Many of the frustrations people have with floating-point arithmetic can be attributed at least in part to displays of decimal values that differ from the actually represented value. Displaying “0.1” instead of “0.100000001490116119384765625” misleads the reader about what is happening in the program.

Note that inaccuracies in floating-point arithmetic cannot be a reason for underlying software (such as the programming language or a general string conversion/display library) to limit how many digits are displayed. For example, sometimes people reason that a floating-point format is only “accurate” to 15 digits, so only 15 digits should be displayed. This is not a correct criterion because the software converting to decimal has no information information about how accurate its input operand is or is not. It may be a number that is exact, because it was received exactly and no operations were performed on it or because it is the result of specialized calculations. Alternatively, the number might be the result of a long sequence of operations involving many roundings. The error induced by rounding in each operation can compound or cancel, and the final result of a sequence of floating-point operations can be exactly correct or can be wrong by an unbounded amount, in which case even the first digit might be incorrect.
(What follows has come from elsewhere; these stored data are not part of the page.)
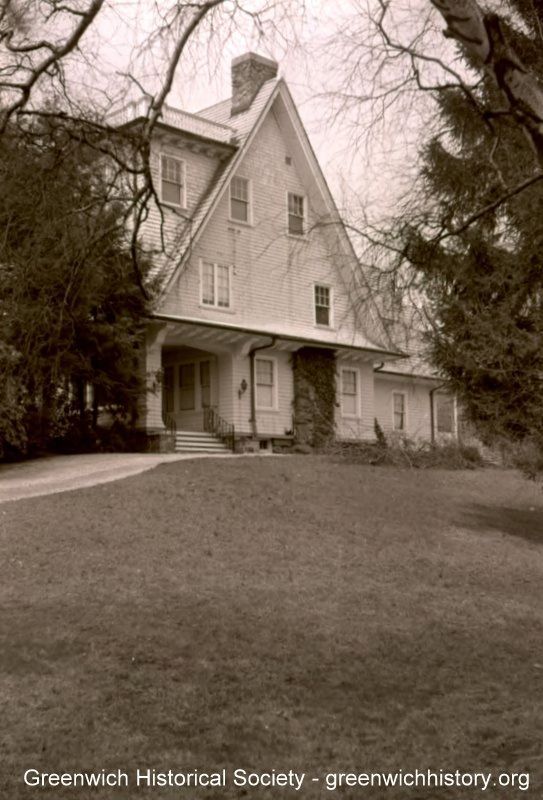 Side view of of the house at 111 Brookside Drive, circa 1950, detailing the entrance, gabled roof, the two story dormer, the surrounding eaves and brackets, and the rear wing of the house. The house was originally built in 1905.Collection
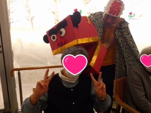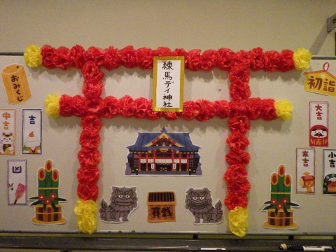 新年会では 練馬デイ神社が登場!(^^)! 皆で初詣☆彡 おみくじを引き、絵馬を書きました(^O^) 獅子舞も登場‼ 頭を噛んでもらい 無病息災\(^o^)/ 最後に だるま落としゲームをして 大盛り上がりの新年会でした(^_-)-☆
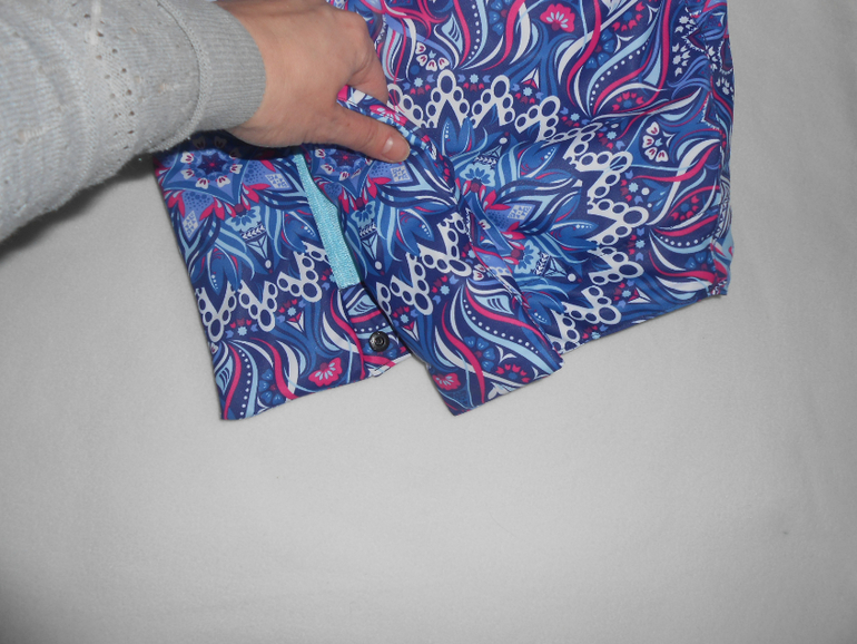 - Карманы на том же уровне, что и в выкройке, но сделаны по другому. Карманы на молнии но спрятаны клапанами, клапаны подобраны по принту. Рамка кармана в сложную полуовальную рамку. Клапаны идут от бокового шва к центру (так на спортивной одежде делают)
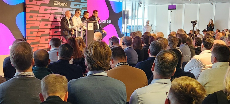 Leading a series of presentations, presented in English and live-translated into French, German, Italian, and Spanish, Gregory Bilsen, CEO EMEA at Roland DG EMEA , set the stage, stating that in Formula 1, the real factor for success is a mix of the machine/team and the driver, with the necessity for strong interaction between the two. “The better we work together,” he said, indicating the need for interaction between the OEM and its users and distributor network, “the better we can collaborate.”
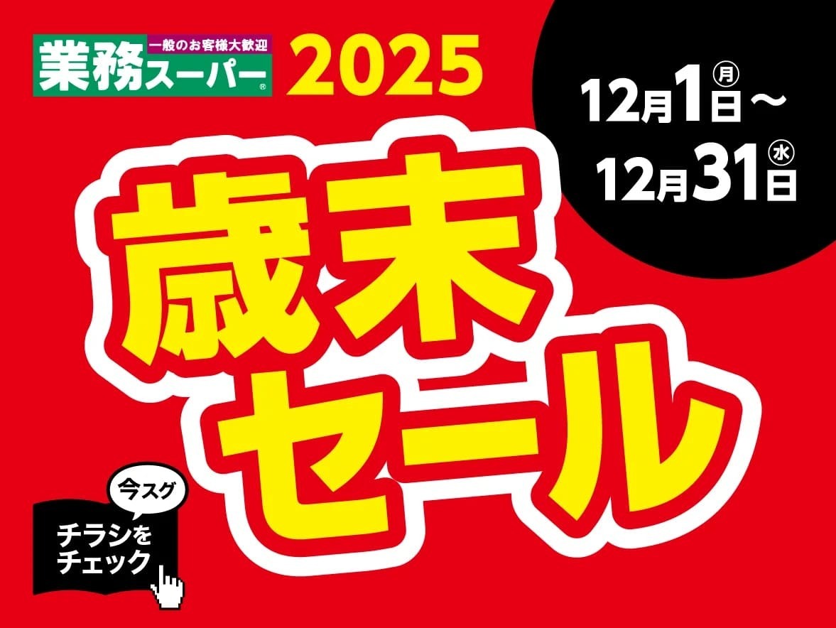 業務スーパーの歳末セールは、2025年12月1日(月)〜12月31日(水)まで開催されているようです!
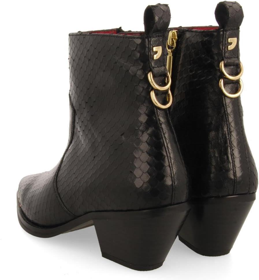 Йи-хаа! Черные ковбойские ботинки до щиколотки из фактурной кожи, с каблуком и металлической отделкой Они имеют очень мягкую стельку, резиновую подошву и подошву, сделанную из натуральных волокон Подкладка, отделка и стелька изготовлены из выделанной кожи на кожевенных предприятиях, которые используют более устойчивый процесс выделки по стандартам Leather Working Group (LWG) Пряжа для тканей, используемых в производстве подкладки, имеет сертификацию по стандарту Global Recycle Standard (GRS)
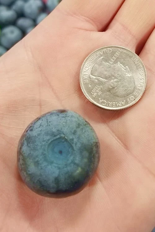 We are so delighted with these blueberries. I was worried about buying online. These plants arrived healthier than the ones locally grown! And they had blueberries on them and are still producing once planted. They are very large berries and my daughter only wants to eat these over store bought. I am so happy you provide such an amazing product! These really exceeded my expectations!——————————————————-We are so glad you are pleased and we hope you enjoy them for years to come! Thanks for the kind words and great review! 🙂 Beth Steele | WBG
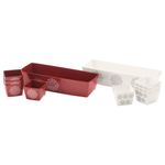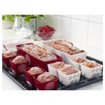 В набор входит: 2 формы для выпечки (длина 23 см, высота 5,5 см, ширина 6,5 см, объем 0,8 л) и 8 формочек для выпечки (длина 4,5 см, высота 4,5 см, ширина 4,5 см, объем 80 мл). Картон, ПЭТ (Полиэтилентерефталат). Возобновляемый материал (бумага).

If a conversion routine were to limit the digits it produced to only those it knew to be correct, it could never produce any digits, since it knows nothing about how many digits are correct.

So the fact that floating-point arithmetic introduces inaccuracies provides no basis for determining how many digits ought to be displayed. This burden lies with the application programmer; numerical analysis of the potential error requires knowledge of the algorithms and data. To this end, the underlying software can provide features for rounding numbers to a requested number of digits, but it should not decide to limit the digits itself.